Je me sens vide. Et parfois à l’inverse, je traverse une tourmente intérieure où tout est débordements.
Les autres ont l’air d’être présents à ce qu’ils font, impliqués, comme s’ils pouvaient réellement saisir les instants qui se déroulent sous leurs yeux.
Pour moi, tout se floute, je me sens spectatrice, observatrice de moi-même et des autres. C’est un peu comme si le film de ma vie était lancé et qu’il avançait sans avoir obtenu réellement mon accord.
Je vois que je suis là et pourtant ce monde m’apparaît irréel, insaisissable.
Ma vie ne m’appartient pas. Je me sens étrangère à moi-même.
Parfois, cela me paraît être une force incroyable : les épreuves les plus terrifiantes sont gérables me concernant.
Et parfois, je ressens comme des trous intérieurs. Je suis incapable de mettre de l’ordre dans mes souvenirs, certains pans entiers de ma vie sont effacés.
Des souvenirs peuvent revenir de manière brutale, caustique.
Mon corps, lui, peut se remémorer : c’est brûlant, corrosif, incontrôlable. Et ma tête à l’inverse ne sait plus. Je crains d’exploser intérieurement tellement cette réalité est violente. Quand le couvercle saute, je ne maîtrise plus rien. J’ai peur de ce que je pourrais faire si je laisse ce flot se déverser.
Tout cela m’apparaît incompréhensible, encore plus pour mon entourage. On me parle de dépression mais je perçois qu’il s’agit bien d’autre chose.
Je sens que je dérange, je questionne, cela n’est pas palpable pour les autres.
Comment parler de cela et s’ouvrir de façon entière ? Comment faire pour dire sans prendre le risque d’être étrangère, infréquentable à leurs yeux ? Je voudrais qu’ils décèlent ce qui se cache derrière l’agressivité, la honte. Leur inquiétude ne fait que rajouter du poids à ma douleur.
Ils ne veulent pas l’entendre car ils savent qu’ils risquent l’échec ou l’impuissance.
Je suis là sans être là. J’essaie de créer des tentatives pour combler ces vides. Parfois, je me mets en danger juste pour vérifier que je suis bien vivante. Sans que cela n’aboutisse, je crois qu’il ne s’agit pas d’accomplir mais simplement de ressentir.
Ressentir que c’est pleinement moi qui le vis.
Je sais que les relations avec les autres sont comme sur un fil, parfois nous sommes en harmonie et brusquement nous nous trouvons en décalage.

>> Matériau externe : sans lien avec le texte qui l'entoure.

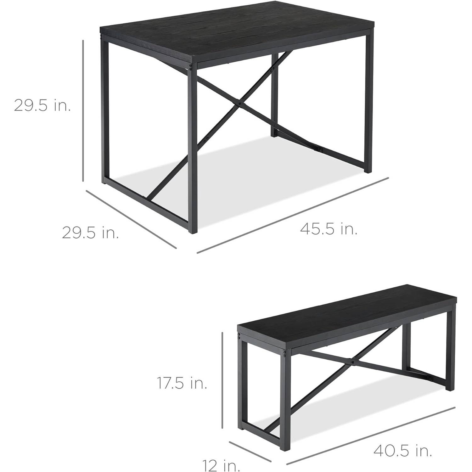 This Modern 3-Piece Dining Set - Metal Frame Black Wood Top Table and 2 Bench Chairs has two bench-style seats with a large 45.5in by 29.5in table that provides space for the whole family to enjoy. A set of three sturdy metal crossbars on the table and benches provide extra support while adding a modern industrial touch to a classic design. Engineered wood planks on the tabletop and seats provide ample support and feature an attractive wood grain finish. Slide the bench seats seamlessly under the table when not in use to maximize the space in your dining room, then slide them out for quick seating. High-quality metal and wood laminate can easily support a party of four; each seat can hold up to 500 pounds, while the table boasts a high 175-pound capacity.
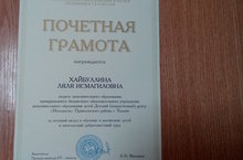 Почетная грамота за весомый вклад в обучение и воспитание детей и многолетний добросовестный труд 28.10.2015
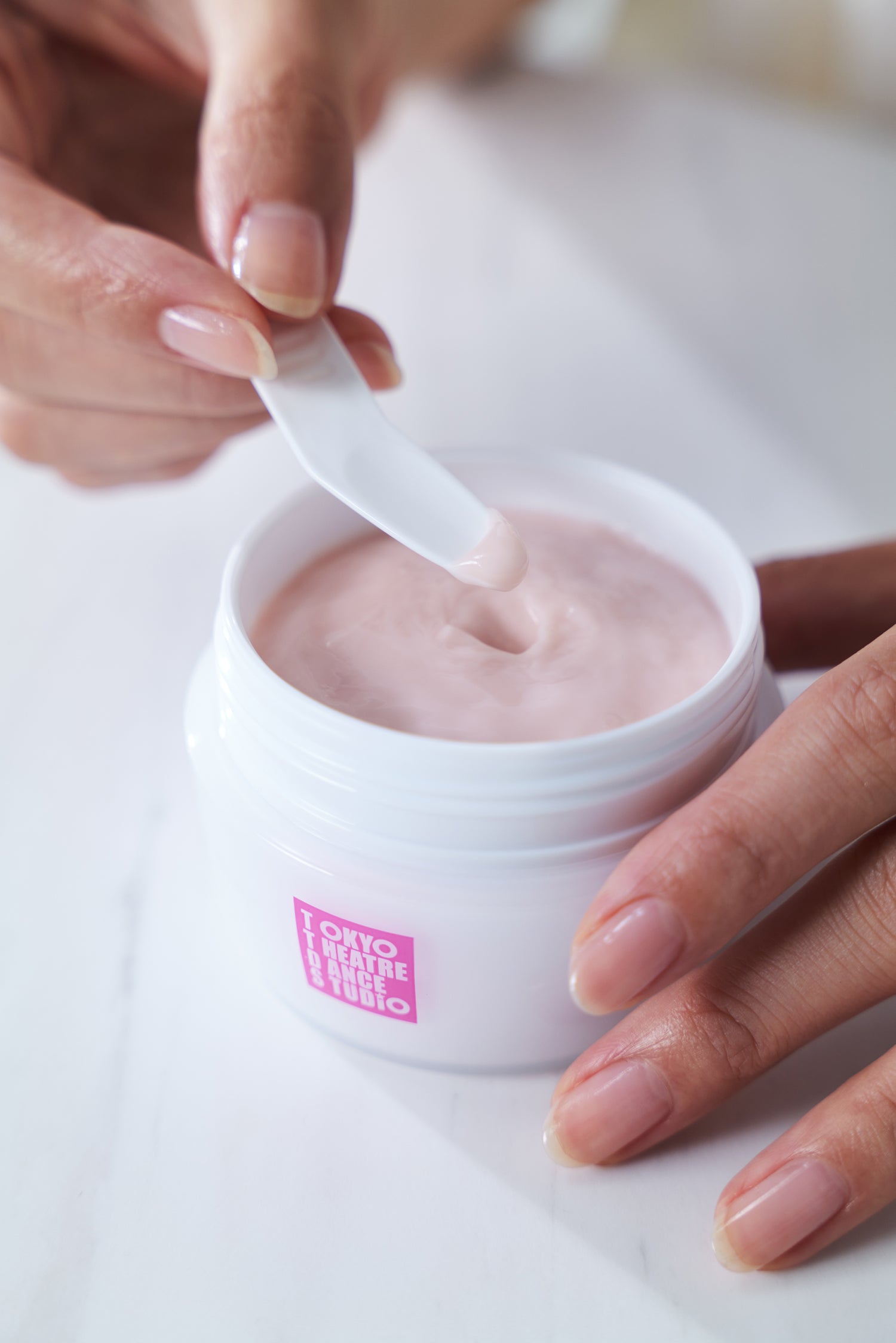 【 Step1 】 化粧水で肌を整えた後、適量(付属のスパチュラですくい取れる量の2分の1)を取ります。

Même si l’équilibre est parfois fragile, nous pouvons apprendre à renforcer ce fil, le rendre plus solide. Et progressivement je sentirai que je peux enfin me fier à ce monde intérieur, apprendre à faire confiance. Avoir confiance en moi et en les autres.
Sans être totalement comprise ou appréhendée. Sans être totalement secourue.
Juste que l’on prenne le temps de m’observer réellement. Être abordée avec autant de stabilité, de cohérence possible face à ce chaos intérieur.
Simplement, j’aimerais sentir que je fais partie de l’humanité.
Si vous vous reconnaissez dans ces lignes, il est possible que vous souffriez d’un état dissociatif ou trouble dissociatif. Vous pouvez consulter un professionnel de la santé mentale spécifiquement formé aux traumatismes et à la dissociation.